Please copy only the material from the line that has "Блузка полуприталенного силуэта" to the very last line, both ends included, exactly as written and without pictures.

BEGIN DATA SECTION

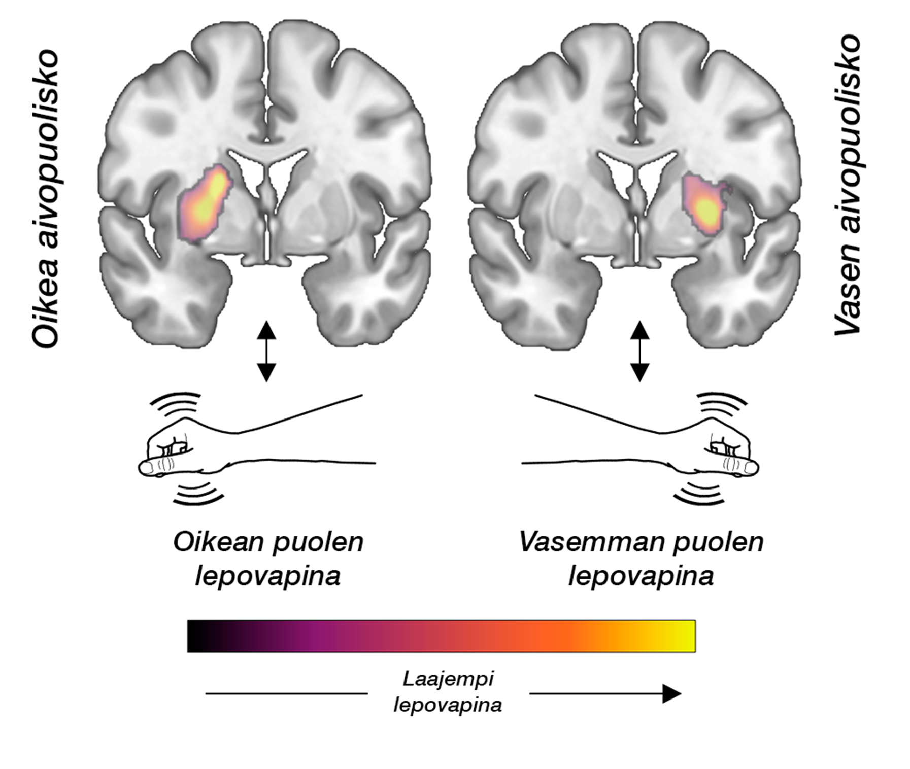 – Tulokset osoittavat, että voimakkaampi lepovapina ei ole yksinkertaisesti merkki pidemmälle edenneestä dopamiinijärjestelmän vauriosta. Vapinan taustalla näyttää olevan osittain erillinen neurobiologinen mekanismi, toteaa artikkelin pääkirjoittaja, neurologian erikoislääkäri LT Kalle Niemi.
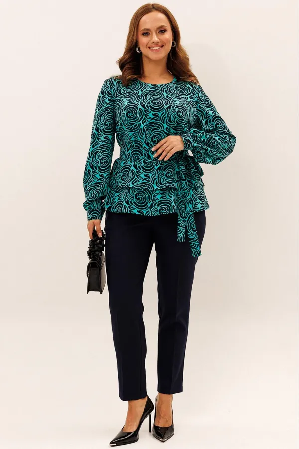 Блузка полуприталенного силуэта с отрезной баской по переду по линии талии. Перед с нагрудными и таллиевыми вытачками. Спинка с таллиевыми вытачками и средним швом в который вставлена потайная молния. Горловина округлой ... Читать далее...
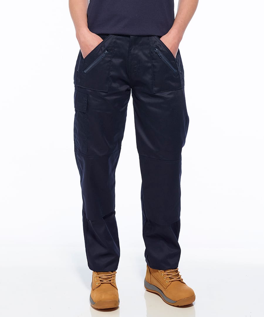 Back elasticated waist for comfort. Multiple zip pockets. Zip fly with hook and bar closure. Double ply fabric on seat for extra wear and tear. Knee pads can be inserted. WRAP certified. SEDEX certified. Oeko-Tex certified. Reach certified.

END DATA SECTION

# [RESULT]
 Блузка полуприталенного силуэта с отрезной баской по переду по линии талии. Перед с нагрудными и таллиевыми вытачками. Спинка с таллиевыми вытачками и средним швом в который вставлена потайная молния. Горловина округлой ... Читать далее...
 Back elasticated waist for comfort. Multiple zip pockets. Zip fly with hook and bar closure. Double ply fabric on seat for extra wear and tear. Knee pads can be inserted. WRAP certified. SEDEX certified. Oeko-Tex certified. Reach certified.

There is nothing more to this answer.